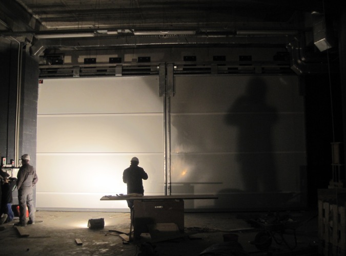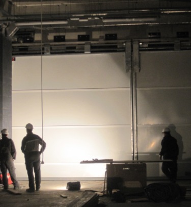 Porta corredissa acústica DAM10P Rw 44 dB de molt grans dimensions i de doble fulla. Per a la indústria, sales de motors, teatres, òperes, palaus de congressos, estudis de TV, estudis cinematogràfica, estudis de gravacions, ràdios, etc. Porta certificada: Rw 44 dB segons la norma EN ISO 140-3 / EN ISO 717-1
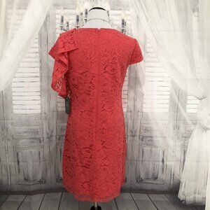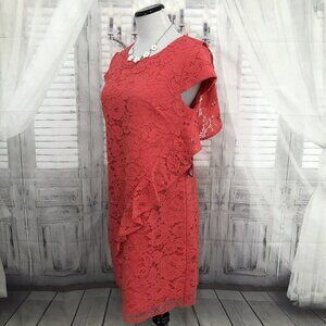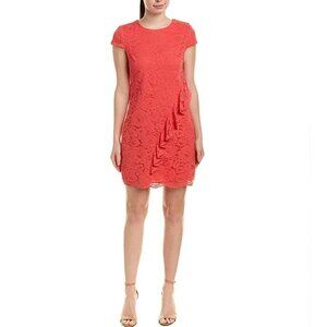 Vince Camuto Womens Size 10 Coral Red Lace Floral Shift Cap Sleeves Dress Formal
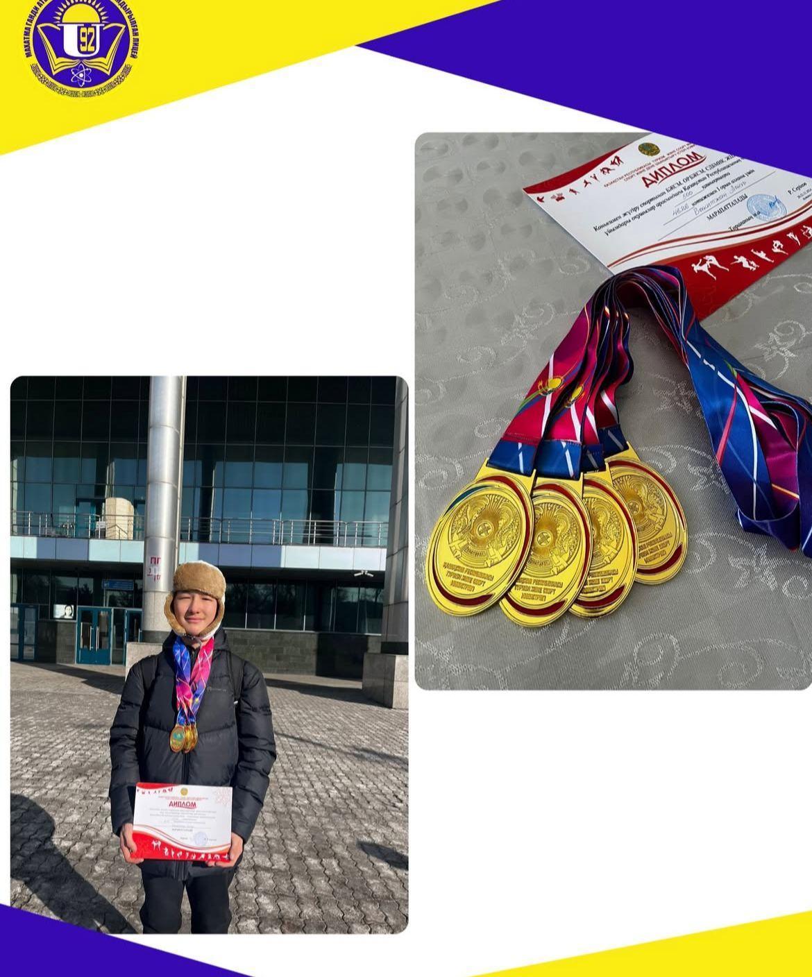 М.Ганди атындағы №92 мамандандырылған лицейдің 7 «Ә» сынып оқушысы Бакитжан Арнұр Қостанайда өткен Қазақстан Республикасының чемпионатында конькимен жүгіру спортынан бас жүлде иеленді. Сол нәтижеге сай 4 алтын медальмен оралып, қуантты.

> [Assignment] An exact copy of the lines above, from the first through the line that holds "Vince Camuto Womens", is what is needed; leave the pictures out.

> [Output]
 Porta corredissa acústica DAM10P Rw 44 dB de molt grans dimensions i de doble fulla. Per a la indústria, sales de motors, teatres, òperes, palaus de congressos, estudis de TV, estudis cinematogràfica, estudis de gravacions, ràdios, etc. Porta certificada: Rw 44 dB segons la norma EN ISO 140-3 / EN ISO 717-1
 Vince Camuto Womens Size 10 Coral Red Lace Floral Shift Cap Sleeves Dress Formal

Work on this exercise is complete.